# Ducks too. Pics.



## Bloodyblinddoors (Oct 25, 2006)

Duck hunting is a good change of pace and scenery from the goose field. I'll be after the big birds again though this weekend.








Banded in LA 8/25/05


----------



## mallardrocker (Nov 29, 2006)

look at the spread these guys have....

are u a 52780353048 bazillionaire :beer:


----------



## Leo Porcello (Jul 10, 2003)

There is only 3 doz goose floaters there?

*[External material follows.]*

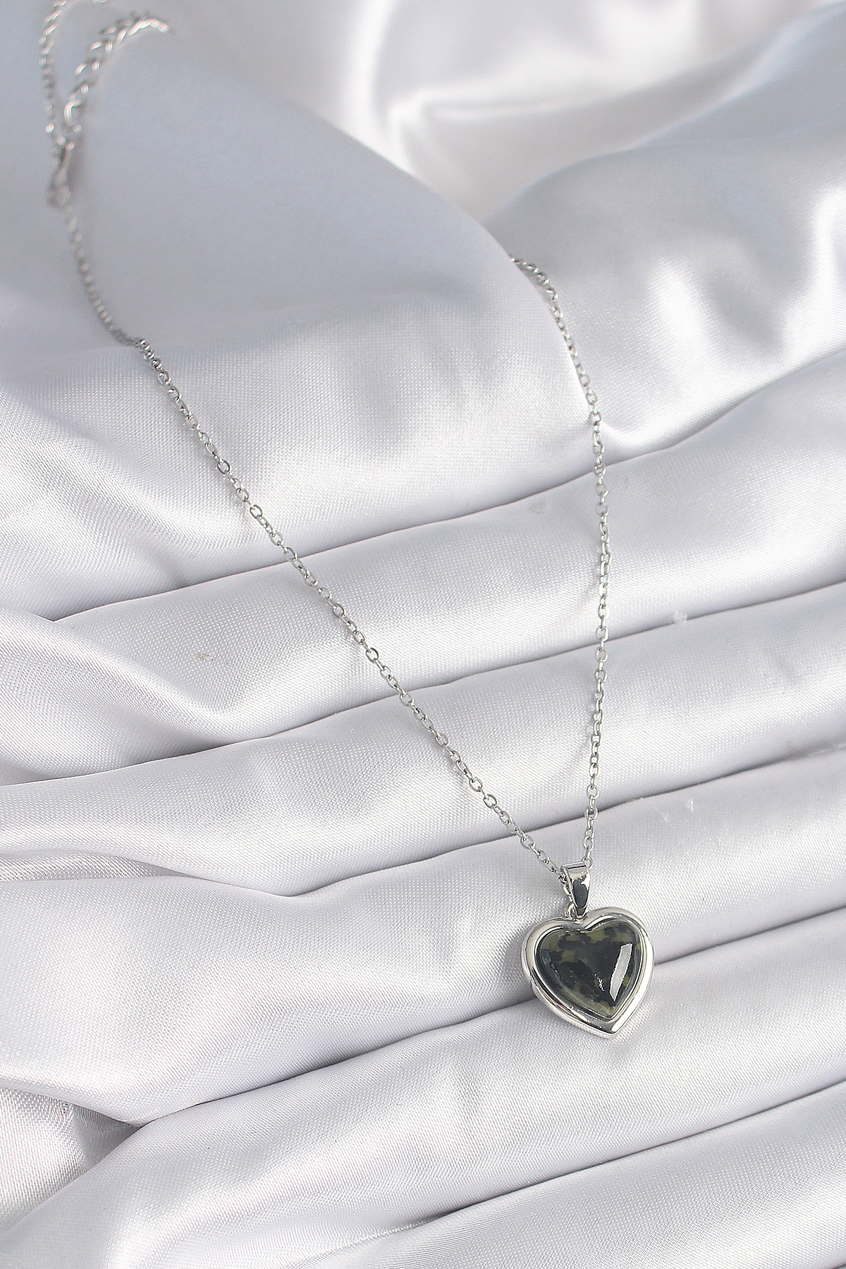 316L Çelik Gümüş Renk Yeşil Mineli Kalp Model Kadın Kolye

Good to see the older gentleman out there. Nice banded woodie as well!!


----------



## Patron24 (Dec 24, 2006)

Nice.Were you with all family, how many generations?


----------



## dfisher (Oct 12, 2007)

Nice spread and nice wood ducks. Looks like a lot of teal fun too. :beer: 
I'll drink to that.
Thanks for sharing,
Dan


----------



## sawed_off_stump89 (Oct 14, 2007)

very nice pics! glad to someone having success


----------



## bud69652 (Feb 6, 2006)

gotta like shooting ducks in the goose spread.


----------



## hunt4P&amp;Y (Sep 23, 2004)

Thats alot of pumpkins in the second pic. Holy! Ohh and nice ducks!

:lol:


----------



## chester_mallard_molester (Mar 23, 2006)

good shootin boys..keep up the good work


----------



## Bloodyblinddoors (Oct 25, 2006)

Patron24 said:


> Nice.Were you with all family, how many generations?


Nope. The younger dude is a helper friend and the other two are clients.....Father and son though. They hunted with us again this weekend for his 83rd birthday.


----------